### WHAT TO DO
Could you retype the lines below, starting at the line holding "Комплектація: Водонагрівач, запобіжний" and stopping at the line holding "Egal, ob Sie", inclusive? Copy them exactly and drop the images.

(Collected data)

• • •

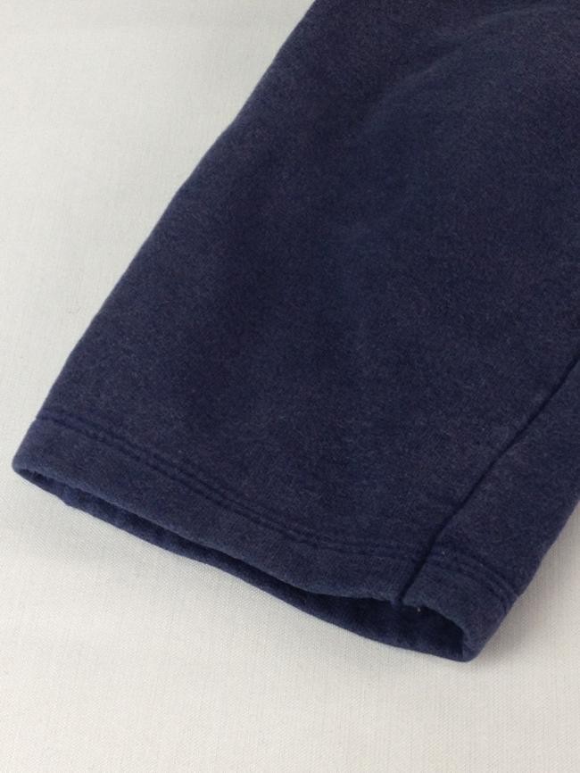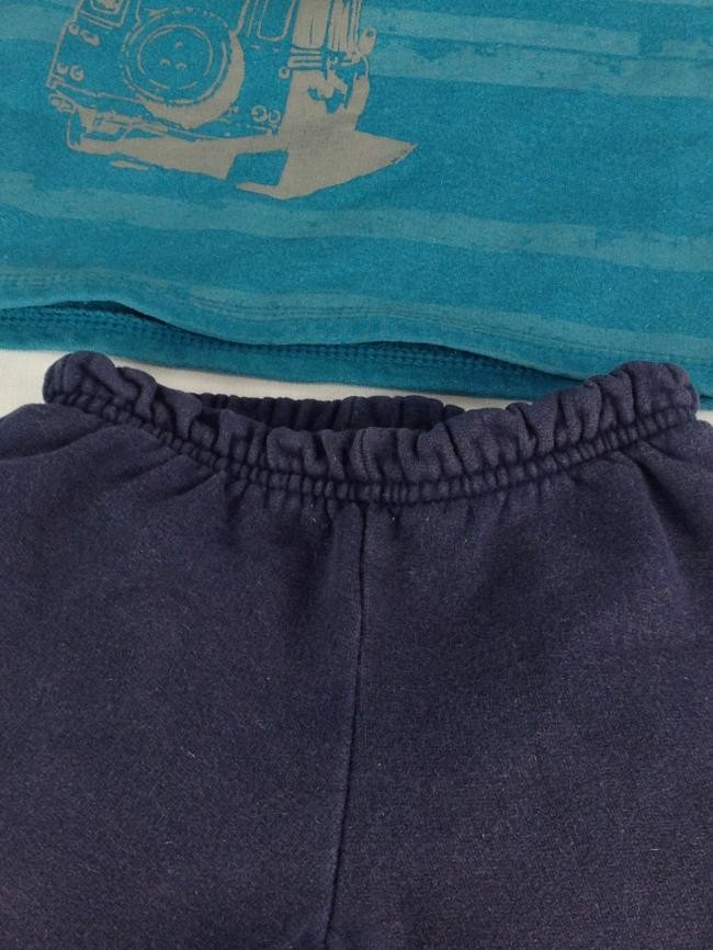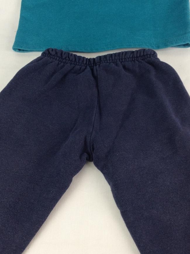 Conjuntinho infantil masculino, Pity Luly. Calça de moletom azul marinho com elástico na cintura. Camisa de moletom azul piscina com escritos e desenhos cinzas e azul marinho. Tamanho 1, para crianças de 1 ou 2 anos.
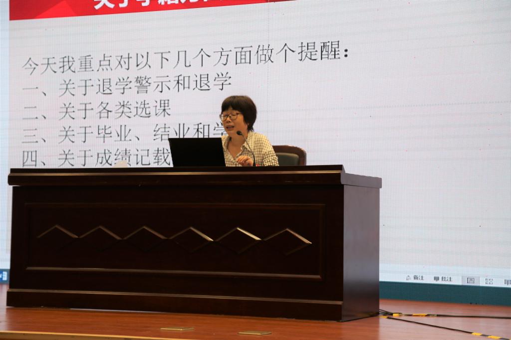 曹小英从大学生要学会自我管理、自我服务的角度出发,就退学警示和退学、各类选课、毕业要求、成绩记载等方面展开分享,列举了大量真实案例提醒同学们,要重视课程学习、关注考试安排,确保在大学四年后能获取双证。
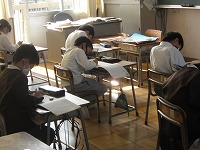 2年生が書き方の名文スキルに取り組んでいました。今日は萩原朔太郎の「竹」です。竹が一生懸命伸びていく様子が詩になっていて、イメージをつかむためにまずは交代で朗読し、そのあとで落ち着いて書き写していました。
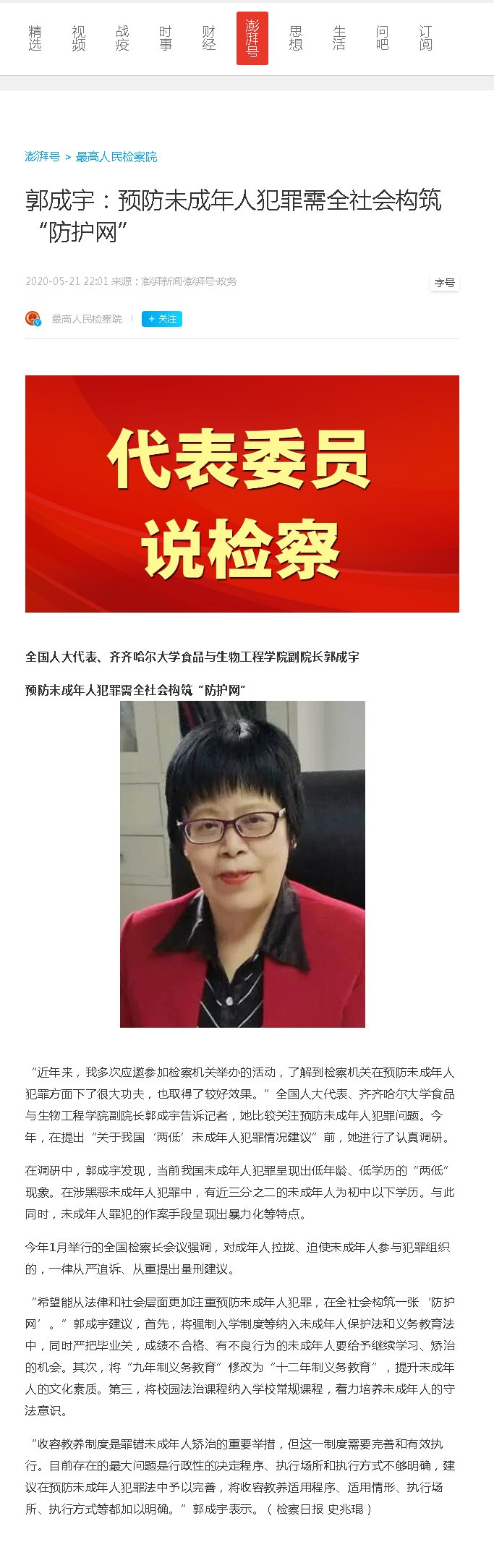 【澎湃】郭成宇:预防未成年人犯罪需全社会构筑“防护网”
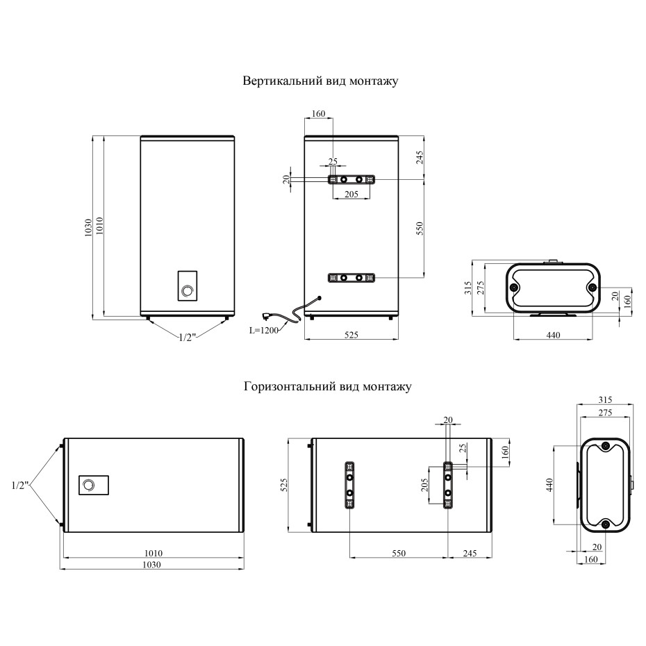 Комплектація: Водонагрівач, запобіжний клапан, розпірні анкери з L-гаком, силіконова трубка, наклейка ERP, інструкція.
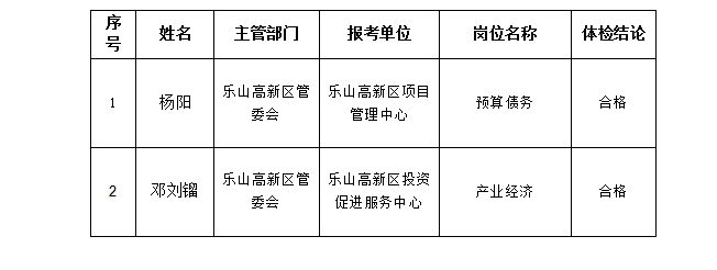 乐山高新区管委会直属事业单位2022年公开考核招聘工作人员体检结果的公告
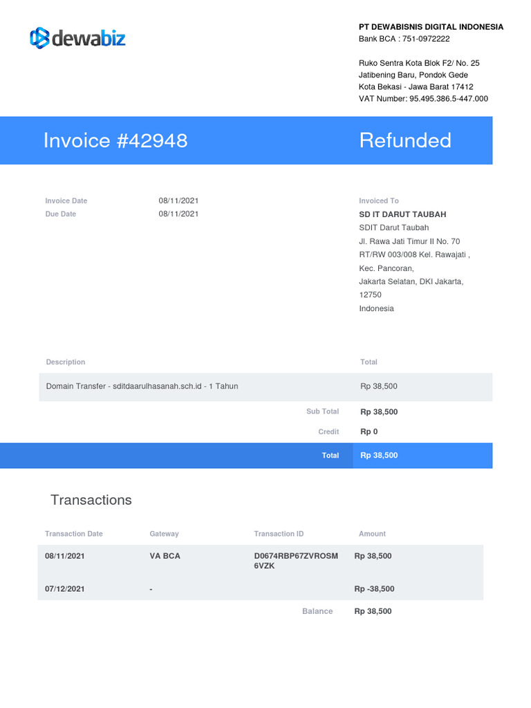 Invoice perpanjangan domain | PDF
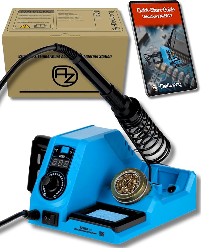 Egal, ob Sie ein Hobbybastler oder ein erfahrener Techniker sind, mit diesem Lötstationsset erzielen Sie professionelle Ergebnisse. Die robuste Bauweise und die benutzerfreundlichen Funktionen machen das AZ-Delivery Lötstation 926LED V3 Lötkolben-Kit zu einer ausgezeichneten Wahl für DIY-Projekte, Reparaturen und alle Arbeiten, die Präzision und Zuverlässigkeit erfordern. Durch die Kombination von effizienter Heiztechnologie, präziser Steuerung und hochwertigen Komponenten ist dieses Set ideal für eine Vielzahl von Anwendungen in Elektronik und Heimwerken.
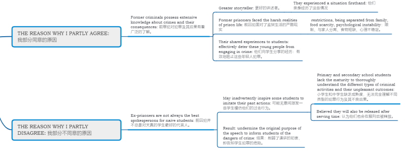In conclusion, although I believe that reformed prisoners can be effective speakers due to their firsthand experience, failing to consider students’ immaturity may encourage, rather than discourage, criminal behavior. Therefore, it is crucial to strike a balance and carefully assess whether schools should choose rehabilitated offenders to give talks on the risks of engaging in criminal activities.

• • •

### FINAL ANSWER
 Комплектація: Водонагрівач, запобіжний клапан, розпірні анкери з L-гаком, силіконова трубка, наклейка ERP, інструкція.
 乐山高新区管委会直属事业单位2022年公开考核招聘工作人员体检结果的公告
 Invoice perpanjangan domain | PDF
 Egal, ob Sie ein Hobbybastler oder ein erfahrener Techniker sind, mit diesem Lötstationsset erzielen Sie professionelle Ergebnisse. Die robuste Bauweise und die benutzerfreundlichen Funktionen machen das AZ-Delivery Lötstation 926LED V3 Lötkolben-Kit zu einer ausgezeichneten Wahl für DIY-Projekte, Reparaturen und alle Arbeiten, die Präzision und Zuverlässigkeit erfordern. Durch die Kombination von effizienter Heiztechnologie, präziser Steuerung und hochwertigen Komponenten ist dieses Set ideal für eine Vielzahl von Anwendungen in Elektronik und Heimwerken.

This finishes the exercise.